You can break a Table
into smaller-sized tables (such as might be
needed for paginated reporting), using Table.batched
, similar to
itertools.batched
added in Python 3.13. Returns a generator that
yields tables sliced into n-sized batches:
for mini_table in tbl.batched(10):
... work with table containing only 10 entries ...
littletable
can perform a rudimentary version of full-text search against
attributes composed of multiple-word contents (such as item descriptions,
comments, etc.). To perform a full-text search, a search index must first be
created, using Table.create_search_index()
, naming the attribute to be
indexed, and optionally any stop words that should be ignored.
Afterward, queries can be run using table.search.<attribute>(query)
,
where attribute
is the attribute that was indexed, and query
is
a list or space-delimited string of search terms. Search terms may be
prefixed by '++' or '--' to indicate required or prohibited terms, or
'+' or '-' for preferred or non-preferred terms. The search function
uses these prefixes to compute a matching score, and the matching records
are returned in descending score order, along with their scores, and optionally
each record's parsed keywords.
In addition to the query, you may also specify a limit; whether to include each entry's indexed search words; and whether to return the results as a new table or as a list of (record, search_score) tuples.
Example:
recipe_data = textwrap.dedent("""\
title,ingredients
Tuna casserole,tuna noodles cream of mushroom soup
Hawaiian pizza,pizza dough pineapple ham tomato sauce
BLT,bread bacon lettuce tomato mayonnaise
Bacon cheeseburger,ground beef bun lettuce ketchup mustard pickle cheese bacon
""")
recipes = lt.Table().csv_import(recipe_data)

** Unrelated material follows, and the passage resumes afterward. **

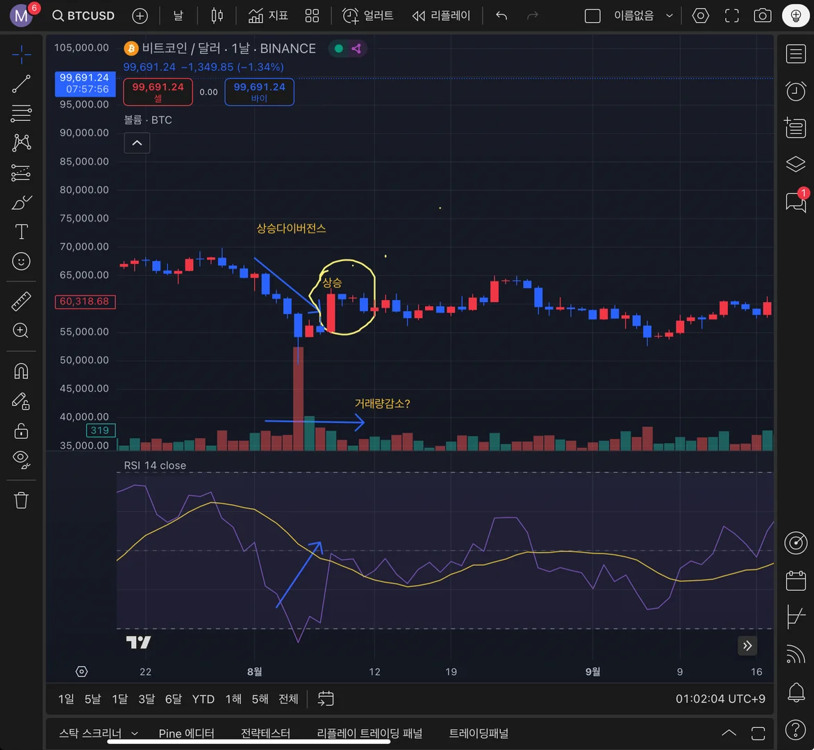 가격은 상승, rsi는 하락 = 하락 다이버전스.

recipes.create_search_index("ingredients")
matches = recipes.search.ingredients("+bacon tomato --pineapple", as_table=True)
matches.present()
Will display:
+bacon tomato --pineapple
Title Ingredients Ingredients Search Score
───────────────────────────────────────────────────────────────────────────
BLT bread bacon lettuce 1100
tomato mayonnaise
Bacon cheeseburger ground beef bun lettuce 1000
ketchup mustard pickle
cheese bacon
In some cases, the terms to search for are spread across multiple attributes.
For these cases, create_search_index accepts an optional using
argument,
containing a list of string attributes to concatenate into a single searchable
attribute:
recipes.create_search_index("recipe_terms", using="ingredients title")
matches = recipes.search.recipe_terms("casserole Hawaiian", as_table=True)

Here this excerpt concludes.